Thursday, January 4, 2018

2017/2018 year in (p)review

As 2017 ends and 2018 beginnings, it's time to engage in the annual tradition of looking back at what the top topics on UM & Global were in 2017 and looking forward to what they might be in 2018. To see what my guesses were for 2017 at the beginning of the year, see here.

The most popular post of 2017, and the most popular post ever on UM & Global, is "American UMC decline is a white people problem." This piece combined themes of race, church decline, and data analysis. All three of these themes have been important to UM & Global in the past.

The biggest foci for UM & Global in 2017, though, were undoubtedly church unity and our assessment of the draft UMC ecclesiology document, "Wonder, Love and Praise." Both topics took up a lot of blog posts over the year and included posts that were among the most-read of 2017.

UM & Global's treatment of "Wonder, Love and Praise" harkens back in some ways to our assessment of "Grace Upon Grace." Both series included multiple authors from across the connection reflecting upon important documents of the church. The comment collection process for "Wonder, Love and Praise" is now closed, and we will have to wait to see what the Committee on Faith and Order does with the comments submitted by our authors and others.
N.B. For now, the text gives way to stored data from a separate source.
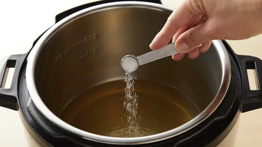 Spray 6-quart Instant Pot® insert with cooking spray. Mix broth and salt in insert.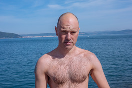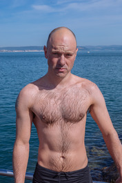 Turkey. Canakkale. 2018. British swimmers poses after swimming...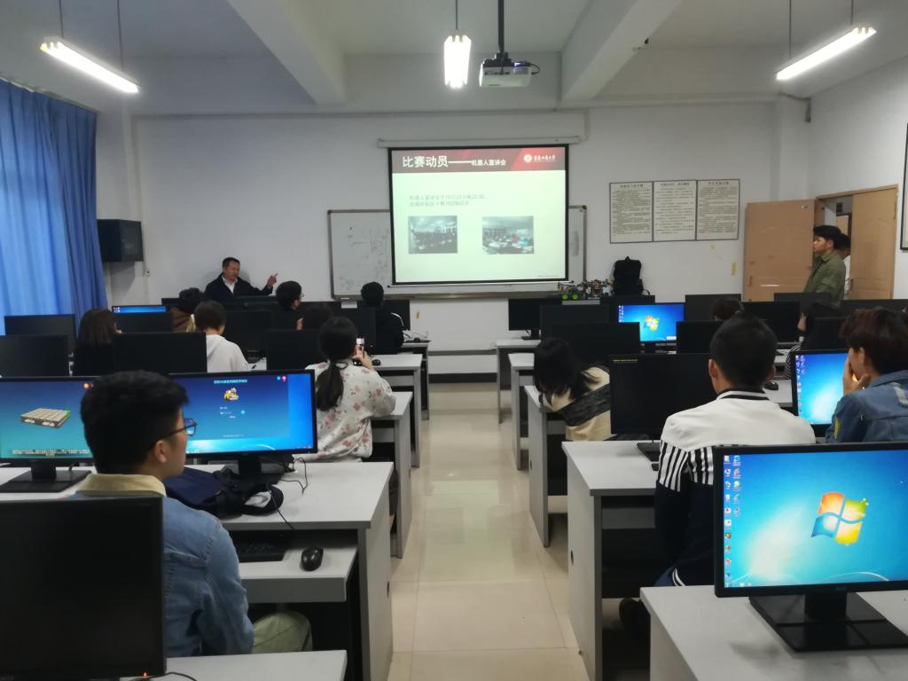 2018年10月19日14:00,在我校南岸校区十教218召开机器人大赛的宣讲会,出席此次宣讲会的嘉宾有王洪建老师和蒋昀赟老师和机械师团队。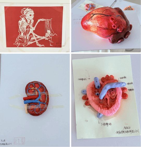 在手工模型展区,同学们以黏土、纸张等材料,融合解剖学与生理学知识,精心制作出一系列人体骨骼、器官与经络结构模型。作品兼具科学准确性与艺术表现力,不仅深化了员工对人体结构的空间认知与细节记忆,也锻炼了动手能力与材料运用水平,体现了健康类专业“理论结合实践”的培养理念。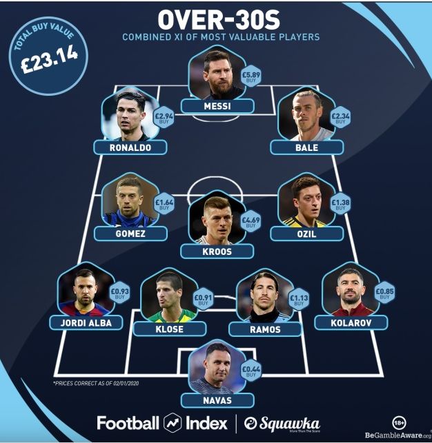 Символическая сборная ветеранов, составленная на значении каждого игрока в Football Index, выглядит следующим образом.

The focus on church unity is part of a larger complex of issues including, as I termed them at the beginning of 2017, General Conference, the Sexuality Debate, and Global Ecclesiology. In some ways, the sexuality debate in the UMC has become a black hole, sucking in all others issues that operate at a more than local level. UM & Global would not have spent so much time exploring the grounds for and challenges to church unity in 2017 without that backdrop. Questions of where the UMC will go in the future are important for a blog "dedicated to fostering conversations about the global nature of The United Methodist Church," but the challenge for 2018 will be to continue to engage with such questions without being consumed by them, while still having attention for other important missiological topics.